__THE DATA__.
↓

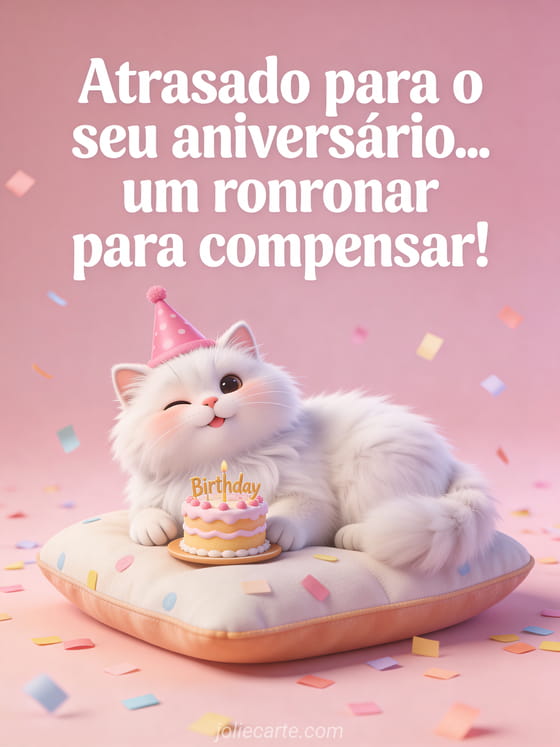Compense um aniversário atrasado com um doce cartão em estilo 3D com um gato persa branco e peludo usando chapéu de festa rosa, uma almofada macia, um bolo de aniversário em miniatura, confete pastel e fundo rosa-pó. Você também pode enviar um cartão de feliz aniversário atrasado para um homem, um cartão de feliz aniversário atrasado texto ou um gif grátis aniversário atrasado.
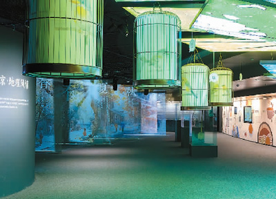展廳里用紗幕投影動態展示北京街道影像,把胡同小吃和時令節氣等人文主題童謠融合在四季光影里,讓觀眾身臨其境地感受老北京歌謠的繽紛多彩與胡同生活的溫馨親切。《劉伯溫造北京》《萬壽山》《魯班爺鋸白塔》《前門樓子高不高》《前門情思大碗茶》等體現城市記憶、市井商業的歌謠,配合著圖文互動大屏精彩呈現。一棵翠綠的“大樹”上掛著高低錯落的“鳥籠”,觀眾可在此重溫夏日樹下納涼的愜意,還可以將頭探入“鳥籠”中,欣賞金代《泰和年間童謠》、元代《腳驢斑斑》、明代《明正統京師童謠》等具有代表性的歷史童謠。
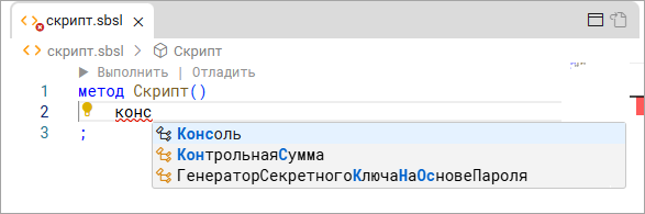 - Начните писать конс – появится контекстная подсказка, нажмите в ней Консоль.
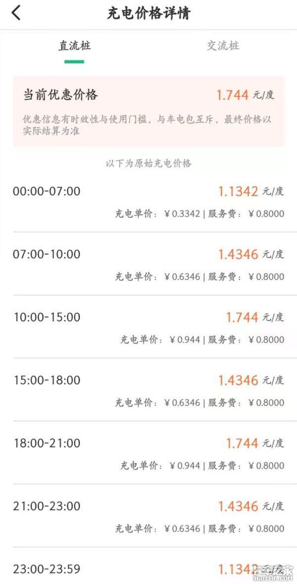 按纯电货车的城市百公里综合电耗按30kWh/100km,直流充电价格1.744元/度(绝大多数充电桩低于这个价格,夜间波谷电价约1.1元或更低,数据来自国家电网)计算,纯电货车每公里电费成本约5.2毛钱。

↑

__WHAT IS NEEDED__. Write out the whole listing exactly. Do not include the pictures.

__YOUR RESPONSE__.
Compense um aniversário atrasado com um doce cartão em estilo 3D com um gato persa branco e peludo usando chapéu de festa rosa, uma almofada macia, um bolo de aniversário em miniatura, confete pastel e fundo rosa-pó. Você também pode enviar um cartão de feliz aniversário atrasado para um homem, um cartão de feliz aniversário atrasado texto ou um gif grátis aniversário atrasado.
展廳里用紗幕投影動態展示北京街道影像,把胡同小吃和時令節氣等人文主題童謠融合在四季光影里,讓觀眾身臨其境地感受老北京歌謠的繽紛多彩與胡同生活的溫馨親切。《劉伯溫造北京》《萬壽山》《魯班爺鋸白塔》《前門樓子高不高》《前門情思大碗茶》等體現城市記憶、市井商業的歌謠,配合著圖文互動大屏精彩呈現。一棵翠綠的“大樹”上掛著高低錯落的“鳥籠”,觀眾可在此重溫夏日樹下納涼的愜意,還可以將頭探入“鳥籠”中,欣賞金代《泰和年間童謠》、元代《腳驢斑斑》、明代《明正統京師童謠》等具有代表性的歷史童謠。
 - Начните писать конс – появится контекстная подсказка, нажмите в ней Консоль.
 按纯电货车的城市百公里综合电耗按30kWh/100km,直流充电价格1.744元/度(绝大多数充电桩低于这个价格,夜间波谷电价约1.1元或更低,数据来自国家电网)计算,纯电货车每公里电费成本约5.2毛钱。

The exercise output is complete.